Au fil du Vallat des Eyssarettes à Ventabren

À Ventabren, il existe une rivière discrète mais bien réelle… et elle traverse toute la commune dans une ambiance presque secrète.
Le Vallat des Eyssarettes fait partie de ces petits cours d’eau provençaux que l’on oublie parfois tant ils savent se faire discrets. Une bonne partie de l’année, surtout en été, son lit semble asséché ou réduit à un simple filet d’eau. Pourtant, cette rivière traverse bel et bien Ventabren du nord au sud avant de rejoindre l’Arc. Et malgré son apparence paisible, elle peut aussi devenir redoutable lors des épisodes méditerranéens, au point d’avoir placé une partie du bas de la commune en zone inondable.
🌿 Une rivière cachée au cœur de Ventabren
Quand on pense à Ventabren, on imagine souvent le vieux village perché, les pinèdes, l’aqueduc de Roquefavour ou les paysages secs de Provence. Pourtant, une véritable rivière traverse la commune : le Vallat des Eyssarettes. Son cours serpente discrètement entre les quartiers, longe parfois des chemins, disparaît sous certains ouvrages, puis réapparaît au milieu de la végétation.Le mot “vallat” est typiquement provençal. Il désigne un petit cours d’eau, souvent irrégulier, parfois torrentiel après les pluies. Quant au nom “Eyssarettes”, il pourrait venir d’un ancien terme provençal lié aux terrains défrichés ou aux zones ouvertes dans la végétation, même si l’origine exacte reste incertaine.
🌿 Une ambiance sonore unique au printemps
Il existe un moment très particulier pour découvrir cette rivière : les mois de mai et juin. Avant même le chant des cigales, le Vallat des Eyssarettes offre une autre bande-son typiquement provençale : celle des crapauds et des grenouilles.Le soir venu, surtout autour des portions encore bien en eau, leur chant résonne dans les feuillages et crée une ambiance étonnante, presque tropicale par endroits. Beaucoup d’habitants connaissent ce bruit sans forcément savoir qu’il vient de cette rivière discrète cachée dans les replis de la commune. C’est d’ailleurs cette atmosphère si particulière qui a donné envie de consacrer un article entier au Vallat des Eyssarettes.

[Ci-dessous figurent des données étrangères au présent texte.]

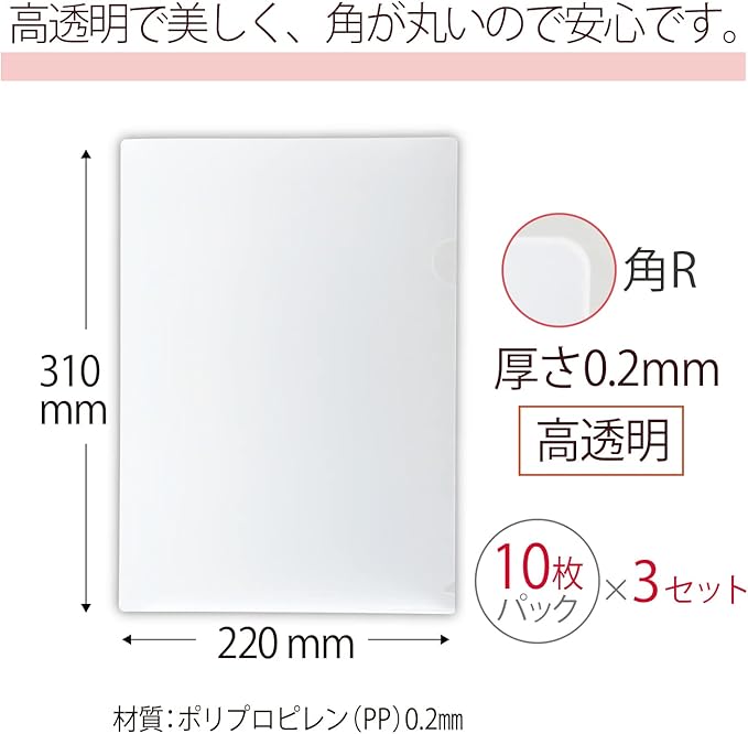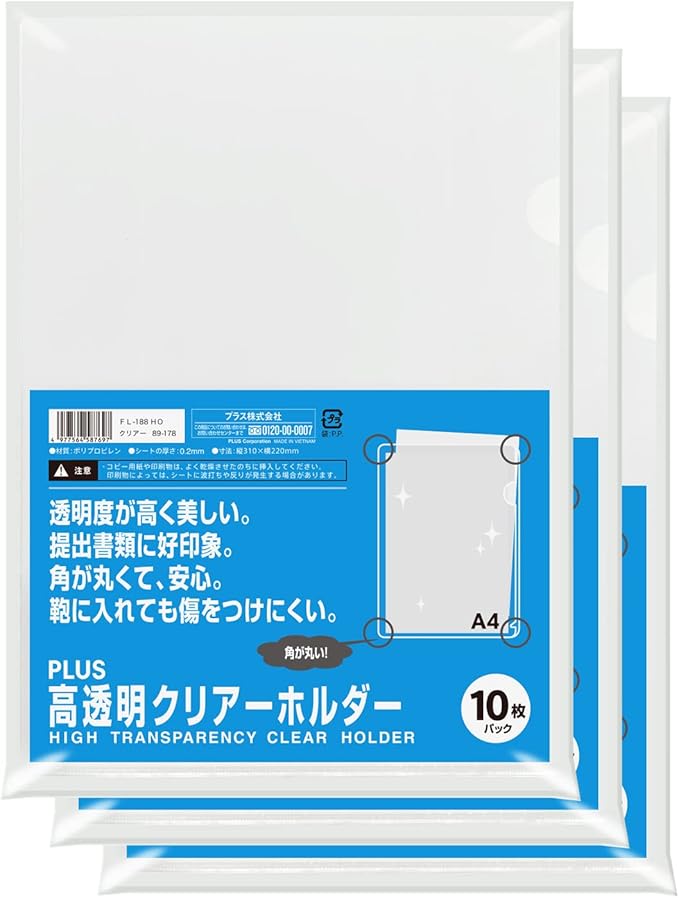 プラス クリアファイル クリアホルダー 高透明 0.2mm (角R) 30枚入 FL-188HO 89-178 3

🌿 Une rivière intermittente… mais pas anodine
Le Vallat des Eyssarettes est ce qu’on appelle un cours d’eau méditerranéen intermittent. Cela signifie qu’il peut être presque à sec une partie de l’année, notamment durant les fortes chaleurs estivales. Mais lors des épisodes pluvieux, son comportement change totalement.Des études hydrauliques menées pour l’État ont même permis de cartographier précisément ses zones de débordement et ses risques de crue sur Ventabren. Ces études montrent que le vallat peut connaître des crues importantes et rapides lors des gros épisodes méditerranéens.
C’est notamment pour cette raison qu’une partie du bas de la commune se retrouve classée en zone inondable dans le cadre du PPRi (Plan de Prévention des Risques d’Inondation). Le Vallat des Eyssarettes, malgré sa petite taille apparente, reste donc un élément hydrologique pris très au sérieux par les services de l’État.
🌿 Une rivière qui finit dans… un fleuve
Autre anecdote qui surprend souvent : le Vallat des Eyssarettes se jette dans l’Arc. Et contrairement à ce que beaucoup imaginent, l’Arc n’est pas officiellement une rivière mais bien un fleuve.Pourquoi ? Parce qu’il termine sa course dans l’étang de Berre, qui communique lui-même avec la Méditerranée. En géographie française, un cours d’eau qui se jette dans la mer — directement ou indirectement — est considéré comme un fleuve.
Ainsi, ce petit vallat ventabrennais rejoint finalement un fleuve provençal avant de finir son voyage vers la Méditerranée.
🌿 Un élément discret du patrimoine naturel ventabrennais
Le Vallat des Eyssarettes ne possède ni les dimensions spectaculaires d’une grande rivière, ni la renommée des grands paysages provençaux. Pourtant, il participe pleinement à l’identité naturelle de Ventabren.Il crée des couloirs de fraîcheur, attire une biodiversité discrète, façonne certains paysages et rappelle qu’au milieu de cette Provence sèche existe encore une présence permanente de l’eau.
Quand on prend le temps de longer son cours, surtout au printemps, on découvre une autre facette de Ventabren : plus sauvage, plus verte, presque secrète. Une rivière cachée… mais bien vivante.